Patch-clamp whole-cell recordings in brain slices

Transverse hippocampal slices (350μm-thick) were prepared using a vibrating blade microtome (7000smz-2, Campden Instruments Ltd., UK) in ice-cold cutting solution containing (in mM): 93 N-Methyl-D-glucamine-Cl, 2.5 KCl, 30 NaHCO3, 1.2 NaH2PO4, 20 HEPES, 5 Na-ascorbate, 0.5 CaCl2, 1 MgSO4*7H2O, 25 glucose, 3 Na pyruvate. The slices were transferred to the storage solution containing (in mM): 125 NaCl, 2.5 KCl, 5 glucose, 25 NaHCO3, 1.25 NaH2PO4, 2 CaCl2, 1 MgCl2 with 10 μM pyruvic acid, for one hour at 34°C and then to room temperature. In a subset of experiments (Fig. 2D) storage solution containing 25 mM of glucose was used, as specified. All solutions were saturated with 95% O2 and 5% CO2.

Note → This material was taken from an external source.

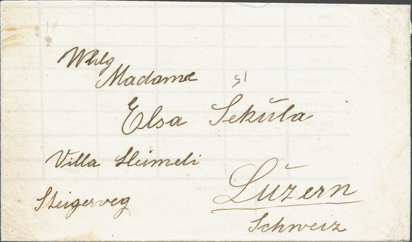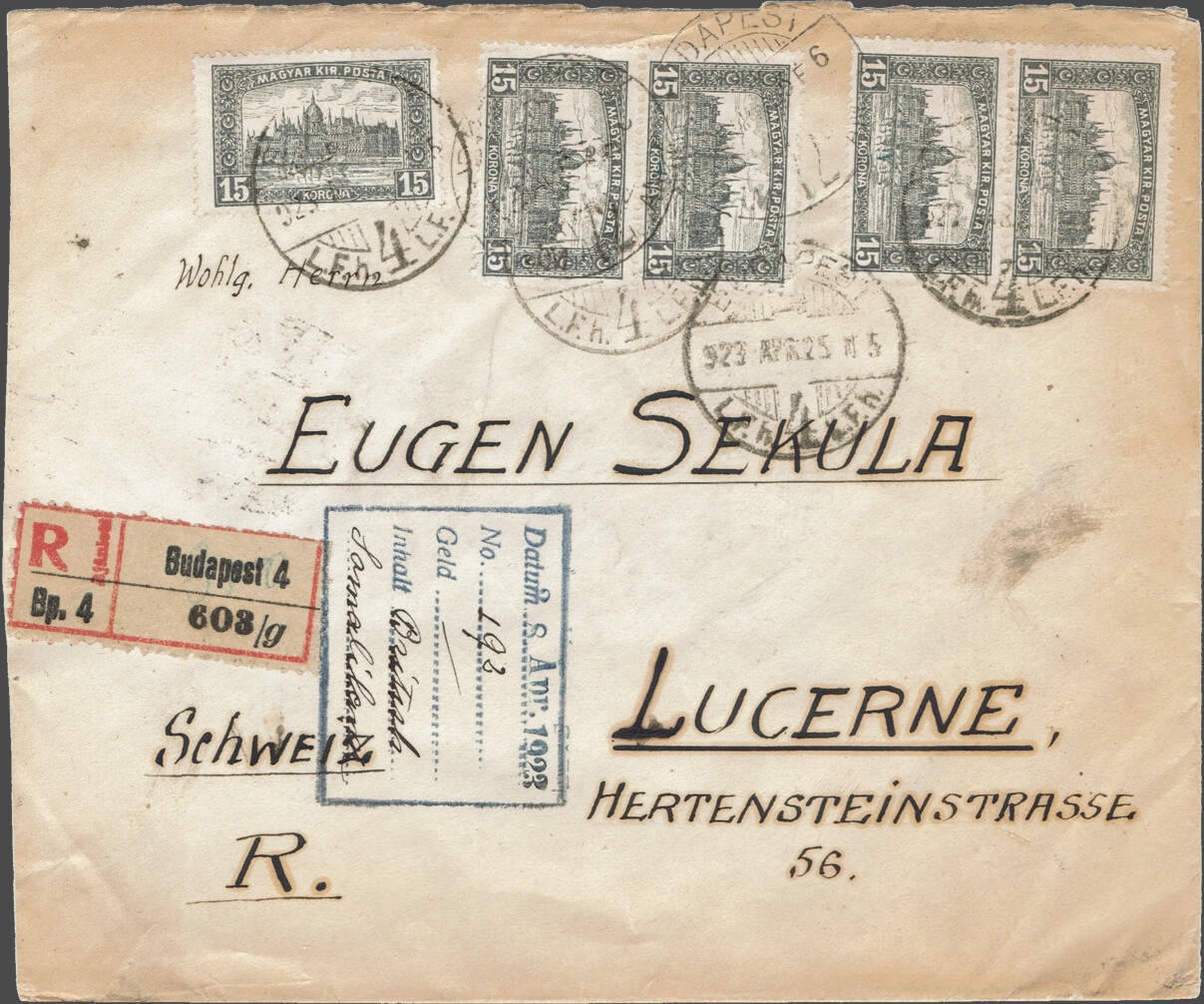 Sent on February 15, 1921 with shipment from Leipzig, Germany, to Eugen Szekula in Lucerne.
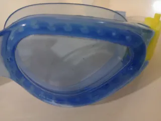 Gafas de natación con lentes azules y montura transparente. - Diseño ergonómico. - Correa ajustable.

For whole-cell recordings from CA1 pyramidal neurons, borosilicate glass pipettes of 3-5 MΩ resistance were filled with (in mM): 127 K-gluconate, 30 KCl, 10 HEPES, 10 phosphocreatine (or 5 as specified in Fig. S4), 4 Mg-ATP (or 2 as specified in Fig. S4), 0.3 Na-GTP, 0.1 EGTA (adjusted to pH 7.35 with KOH). The composition of the extracellular solution was (mM): 125 NaCl, 2.5 KCl, 5 (or 25 as specified in Fig. 2D) glucose, 25 NaHCO3, 1.25 NaH2PO4, 2 CaCl2, 1 MgCl2 and 10 μM pyruvic acid, through which 95% O2 and 5% CO2 was bubbled. Signals were amplified with EPC10-2 amplifiers (HEKA Elektronik, Lambrecht, Germany). Current- and voltage-clamp recordings were sampled at 20 kHz, with the Patchmaster v2×32 program (HEKA Elektronik). All recordings were performed at 35°C, using a temperature control system (Bath-controller V, Luigs & Neumann, Ratingen, Germany) and slices were continuously perfused with extracellular solution, at a rate of 2 ml/min.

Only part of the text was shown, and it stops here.